The Cable News Network has a new story to report this month. Its prime time viewership has fallen behind its two biggest cable news rivals for the first time.
The change reflects viewer interest in strongly opinionated news, and where sister network CNN Headline News aired opinionated programming viewer totals increased dramatically. While CNN says its overall business is healthy and the network has no intentions of straying from its straight news programming, the inroads from MSNBC and Fox News are certainly getting attention.
Fox News is the number one cable news network, its ratings in prime time are higher than MSNBC and CNN combined. The network experienced a 30 percent prime time ratings increase year over year.

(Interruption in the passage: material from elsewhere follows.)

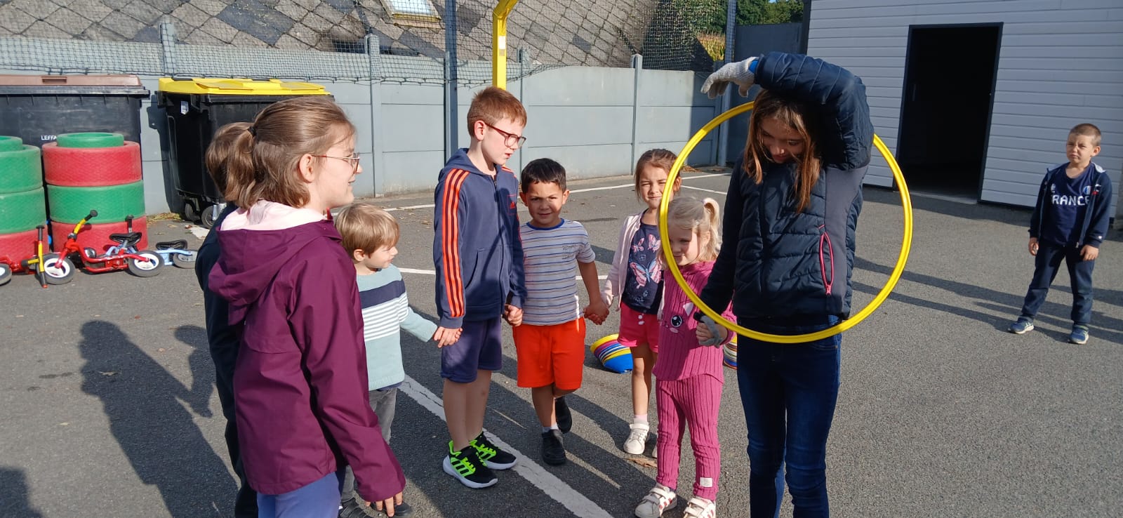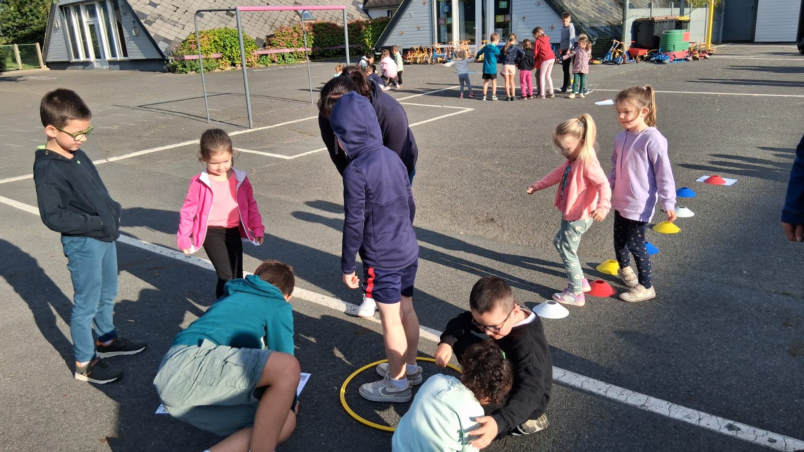 Vendredi 19 septembre, afin de promouvoir le sport à l’école, tous les enfants ont participé à un grand jeu intitulé « Bouge les régions » proposé par l’UGSEL. L’objectif était de vivre en équipe multi-niveaux, un temps sportif au sein de l’école pour fédérer les élèves.  Pour lancer le jeu tous les enfants se sont rassemblés et ont réalisé une belle chorégraphie dans une ambiance festive.

The success of Fox News is widely attributed to "The O'Rielly Factor," which has retained more of its post-election audience than anything else on CNN and MSNBC.

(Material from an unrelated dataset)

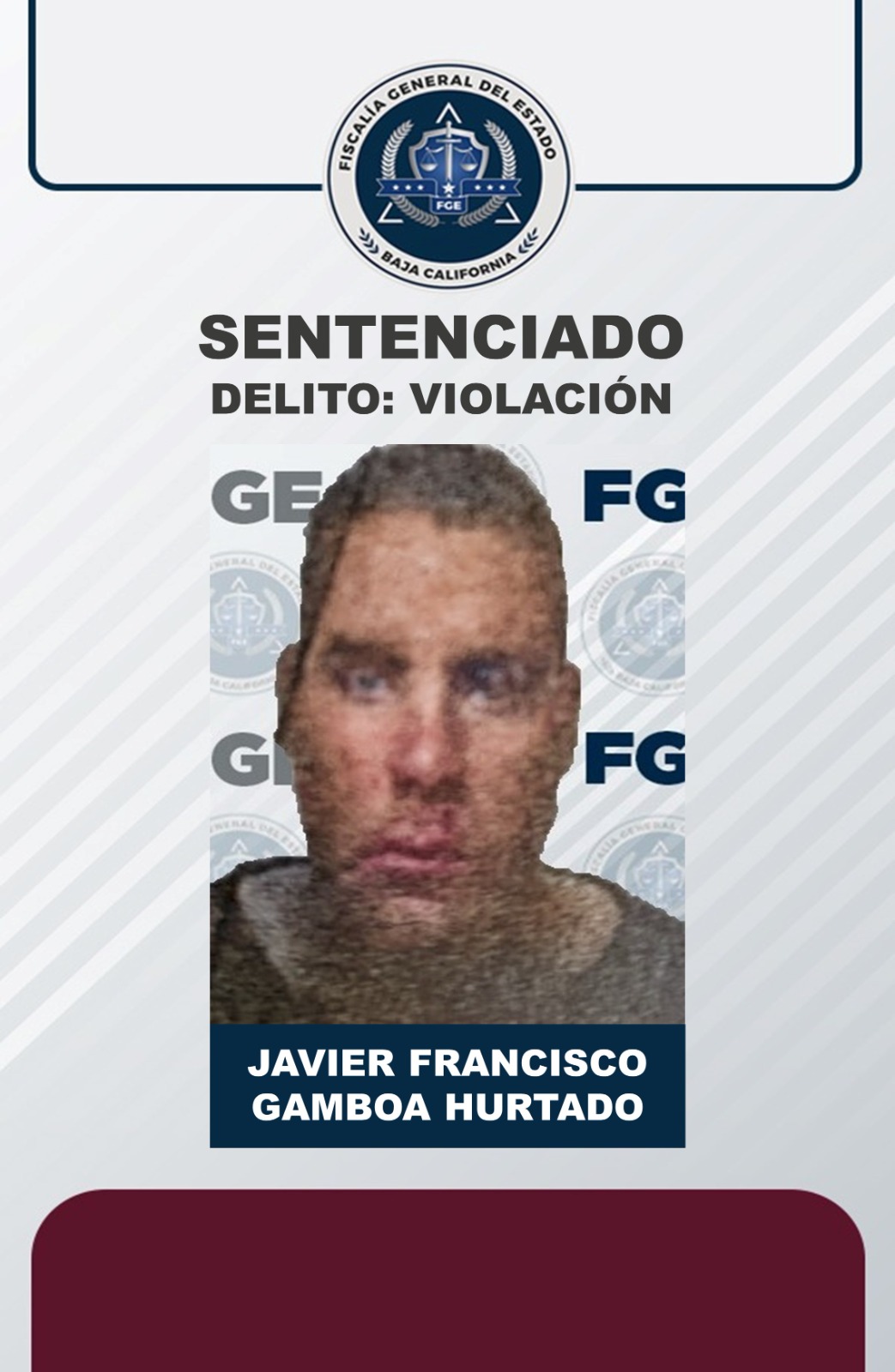 ENSENADA, B.C. La Fiscalía General del Estado obtuvo una sentencia condenatoria contra Javier Francisco Gamboa Hurtado, quien purgará 6 años 3 meses y 10 días en prisión, por ser culpable del delito de violación.

MSNBC for its part is up 24 percent over March 2008 and has usurped CNN for the number two position.
"The fact that one network may have eked out a slight edge in one small slice of the overall business really doesn't say much of anything," Jon Klein, CNN U.S. president, said on Friday to the Associated Press. "It's more clear than ever, given the way that our competitors have positioned themselves, that CNN has positioned itself as the real news network."
The rise in ideological broadcast news coupled with the declines witnessed in the newspaper industry poses a larger question for journalism in America. CNN's exposure reflects a growing disinterest in straight news reporting.
"What do they stand for?" MSNBC's CEO Phil Griffin told AP. "That's their biggest challenge. CNN ain't what it used to be, and that has given us an opening because we stand for something and they don't."
But are news sources supposed to stand for anything?